La primera graduación de Escuela Latinoamericana de
Medicina (ELAM), que se celebró este sábado en el teatro Karl Mark
fue dedicada a los Cinco Héroes cubanos aún secuestrados en
cárceles de los Estados Unidos, según expresión unánime de apoyo
a la propuesta hecha por la graduada de doctora, María Elisa
Chávez de Mora, de una comunidad en Chile, quien habló en nombre
de todos los egresados.
Cuando aún se secaban las lágrimas de alegría en
los rostros de los que acababan de recibir sus diplomas que ahora
levantaban con orgullo, la joven, parte del ejército de las batas
blancas, dijo expresar los sentimientos que embargan a quienes
venidos de los sectores más humildes de sus pueblos, donde estaban
marginados de cualquier oportunidad de estudios superiores y más
aun de estudiar medicina, hoy recibían el titulo de doctores.

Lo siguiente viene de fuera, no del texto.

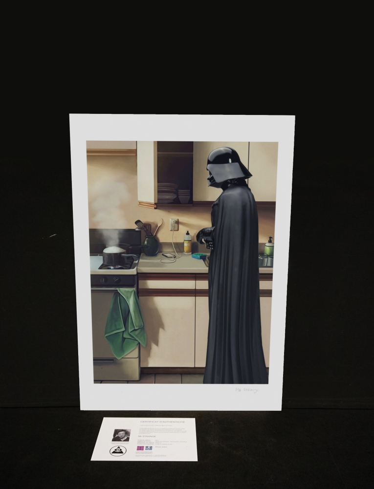 Mr Strange (Jean-Marie Gitard) est un artiste français engagé dans le surréalisme. Artiste côté et confirmé, il est présent dans de nombreuses collections en France et à l'étranger. Darth Vader's Al Dente Pasta - 2024 Giclée sur papier Hanhemühle. Epreuve 9/30 numérotée et signée à la main dans la marge blanche. Cachet de l'artiste embossé à sec. Envoyée avec un certificat d'authenticité. Dimension totale: 70 x 50 cm. Le bord blanc facilitera la mise en place de l'uvre dans un passe-partout. Neuve / jamais encadrée. Envoyée par transporteur dans un tube adapté.
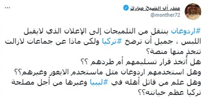وتساءل: "هل أُتخذ قرار تسليمهم أم طردهم؟؟، وهل استخدمهم أردوغان مثلما استخدم الأيغور وغيرهم؟؟ وهل علم من قاتل أهله في ليبيا وغيرها من أجل مصلحة تركيا عظم خيانته؟؟".
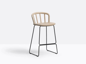 Высокий табурет из ясеня с мягким сиденьем
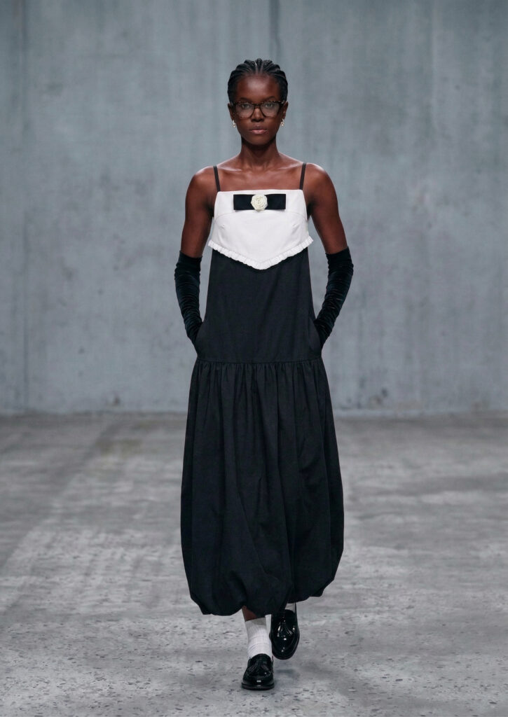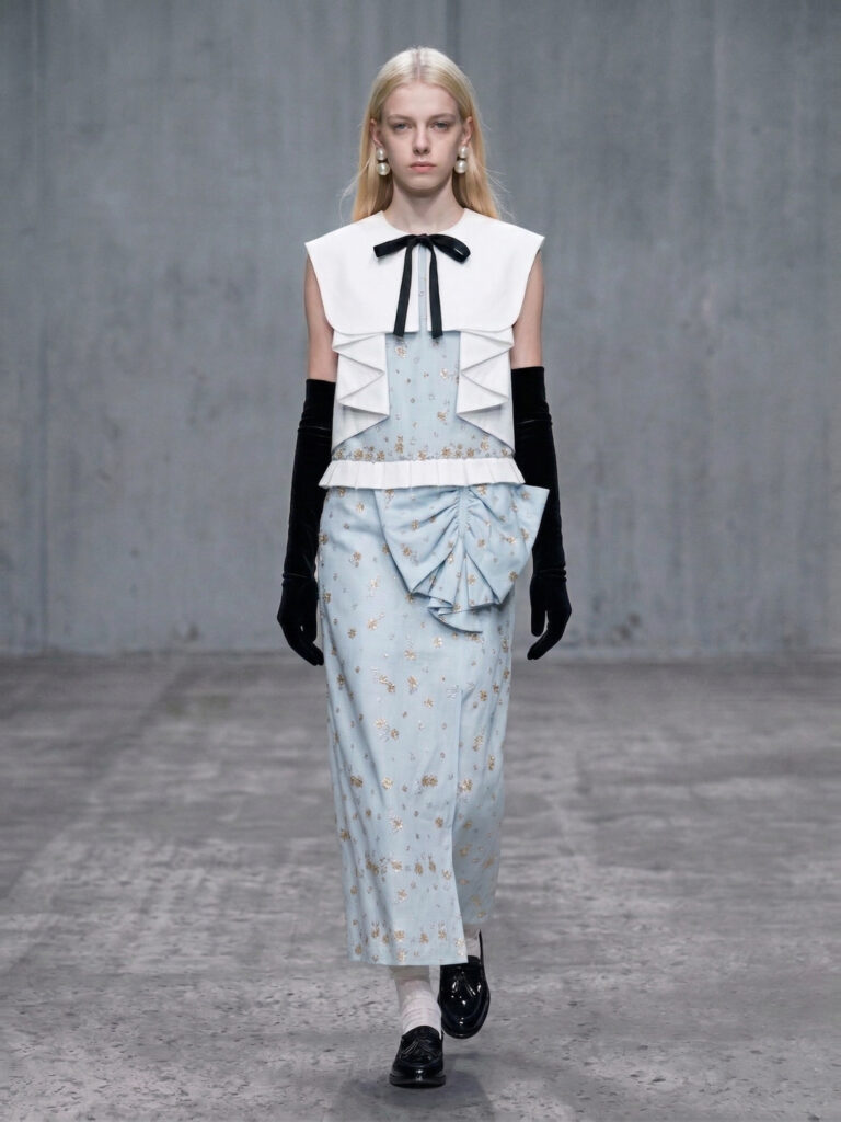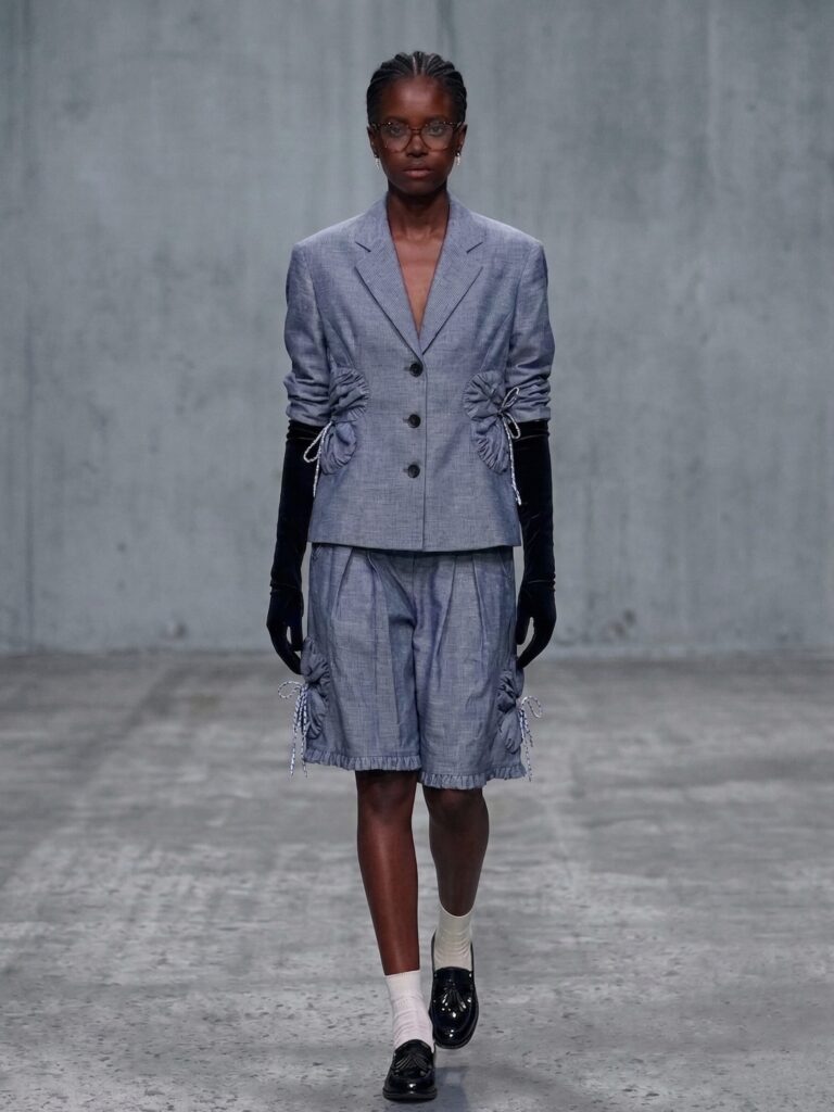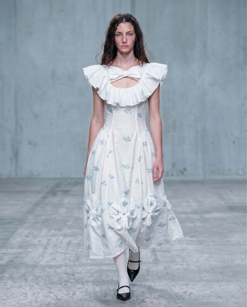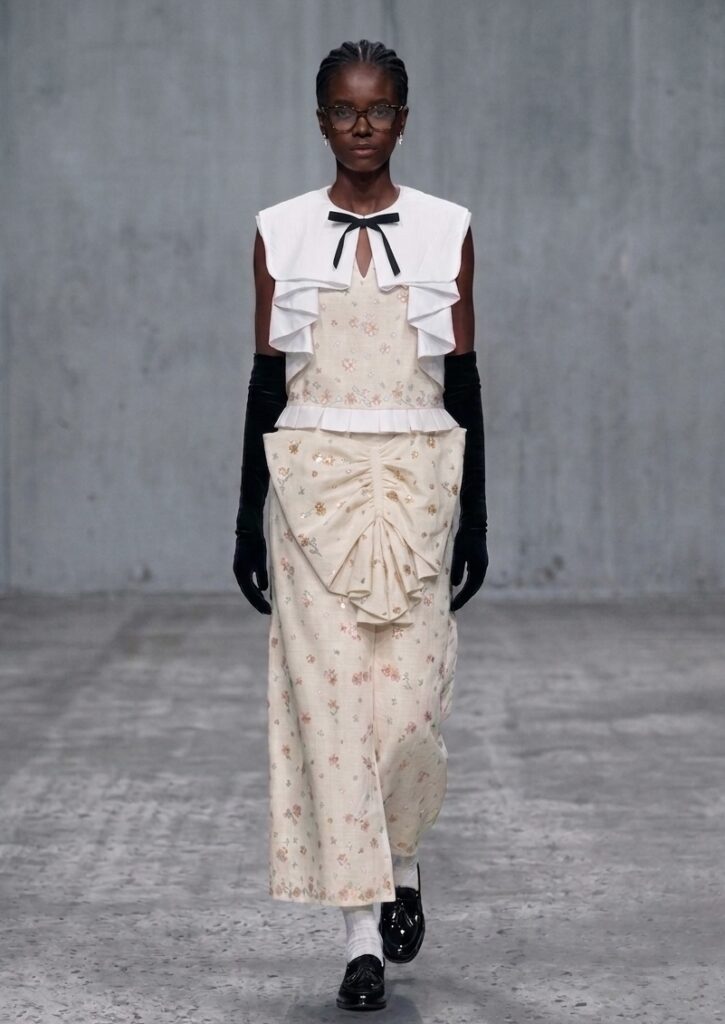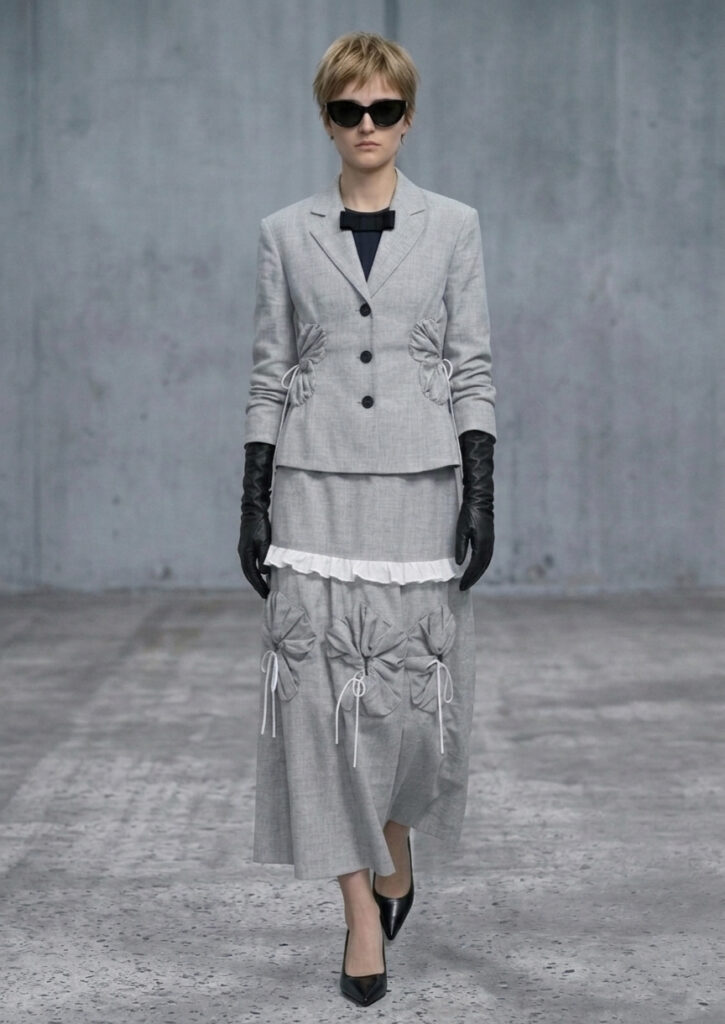Floral forms run throughout the collection—not as natural growth, but as constructed elements shaped from patterns and embedded into tailored structures. These blooms are not merely soft; they act as interventions, asserting presence within systems of order and control.
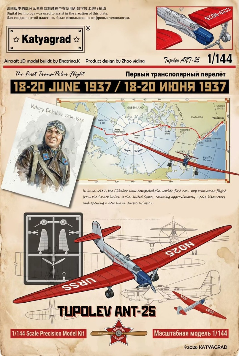 Позже будет набор самолета в 1/144 с фигуркой Чкалова в 1/32 масштабе.
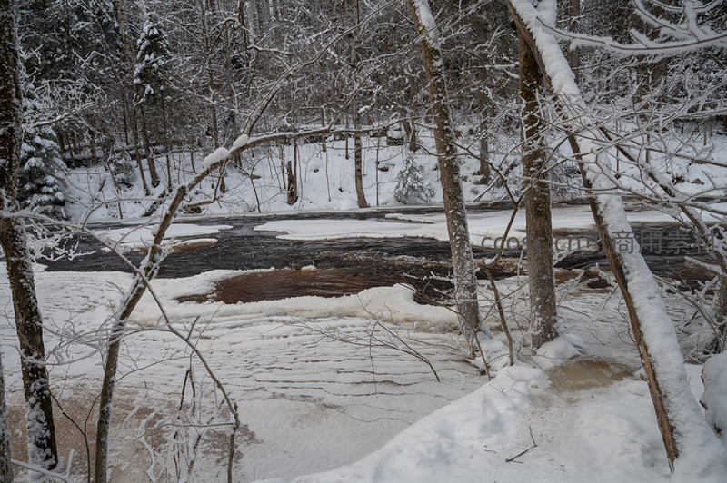 透过覆雪的树枝望去,溪流在林间蜿蜒,冰与水交界处形成独特纹理,雪地与暗色流水对比鲜明,宛如一幅天然水墨冬景画卷。
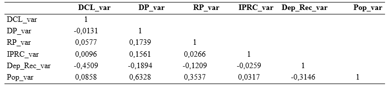 Como primeiro passo para discussão, apresenta-se a análise relativa à associação linear entre as variáveis do modelo a ser estimado. Neste sentido, a Tabela 2 apresenta o resultado do teste de correlação de Pearson entre as variáveis em questão. Nota-se que há uma correlação moderada entre a variação da Dependência de Receita (Dep_Rec_var) com a variação da Disponibilidade de Caixa Líquida – Recurso não vinculado (DCL_var), algo que já era previsto de acordo com a literatura anterior (Gore, 2009). Outra correlação moderada existente foi a da variação da População (Pop_var) com a variação de Despesas com Pessoal (DP_var), demonstrando que há uma associação positiva entre a variação do gasto com pessoal e a variação da população. De forma geral, nota-se que as variáveis não são altamente correlacionadas. Neste sentido, em termos estatísticos, isso indica que não há um possível efeito de multicolinearidade entre as variáveis explicativas, o que resguarda algumas das propriedades do modelo clássico de regressão, bem como da estimativa por métodos mais robustos (Beck & Katz, 1995).
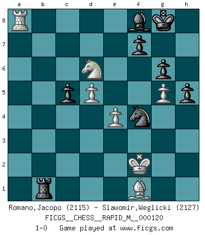 Last move : 1-0 2021 March 16 11:11:14 [Event "FICGS__CHESS__RAPID_M__000120"] [Site "FICGS"] [Date "2020.10.26"] [Round "1"] [White "Romano,Jacopo"] [Black "Slawomir,Weglicki"] [Result "1-0"] [WhiteElo "2115"] [BlackElo "2127"] 1.d4 Nf6 2.c4 e6 3.g3 c5 4.d5 exd5 5.cxd5 g6 6.Nc3 Bg7 7.Bg2 d6 8.Nf3 O-O 9.O-O Re8 10.Nd2 a6 11.a4 Nbd7 12.h3 Rb8 13.Nc4 Ne5 14.Na3 Nh5 15.e4 Bd7 16.a5 b5 17.axb6 Bb5 18.Naxb5 axb5 19.Nxb5 Qxb6 20.Na3 Qb3 21.g4 Nf6 22.Qxb3 Rxb3 23.Kh1 Ra8 24.Bf4 Nfd7 25.Bxe5 Nxe5 26.f4 Nd3 27.Nc4 Rxa1 28.Rxa1 Nxf4 29.Ra8+ Bf8 30.Nxd6 Rxb2 31.Bf1 Rb1 32.Kg1 Nxh3+ 33.Kg2 Nf4+ 34.Kf2 h5 35.g5 1-0 This chess game has been lost on time (started : 2020.10.26 14:21:23) Follow this game move after move (download)I like the moment when I break a man's ego. (Bobby Fischer) Ich würde mich als ganz normalen Jungen bezeichnen [Im Alter von 12]. (Sergej Karjakin) Coloca el contenido del tablero de Ajedrez en un sombrero, agita las piezas vigorosamente, derrámalas en el tablero desde una altura de medio metro y así obtienes el estilo de Wilhelm Steinitz. (H. E. Bird) Tous ces prétendus hommes politiques sont les pions, les Cavaliers, les Tours ou les Fous d'une partie d'échecs qui se jouera tant qu'un hasard ne renversera pas l'échiquier. (Honoré de Balzac) A specialist learns more and more about less and less until he knows everything about nothing. (Nicholas Murray Butler)

Agradeció a Fidel y a Cuba por haber hecho realidad
este sueño, y se dirigió al Comandante en Jefe como "el
hombre que le ha dado la esperanza de un mundo mejor a miles de
jóvenes, gracias a la solidaridad de Cuba para los pobres de la
tierra".
Dijo que en el transcurso de los años de estudio,
fue la convivencia diaria la que les permitió desarrollar mayores
niveles de conocimientos y comprender la necesidad y urgencia de la
integración de nuestros pueblos.
Seremos junto a usted, los apóstoles y creadores de
este nuevo mundo que ya empieza a ser posible, enfatizó la
graduada.
Expresó a los profesores, compañeros de becas,
trabajadores de los hospitales, policlínicos y otros que han
contribuido a su formación médica que "los llevaremos en los
corazones y el reconocimiento a ustedes estará presente en cada
vida que salvemos y en cada momento que luchemos por la dignidad de
los hombres".
Por último se refirió al juramento de los
graduados que se proponen con su misión dar una medicina con
ética, dignidad y humanismo. Plantaremos la fecunda semilla de la
solidaridad de nuestros pueblos, concluyó.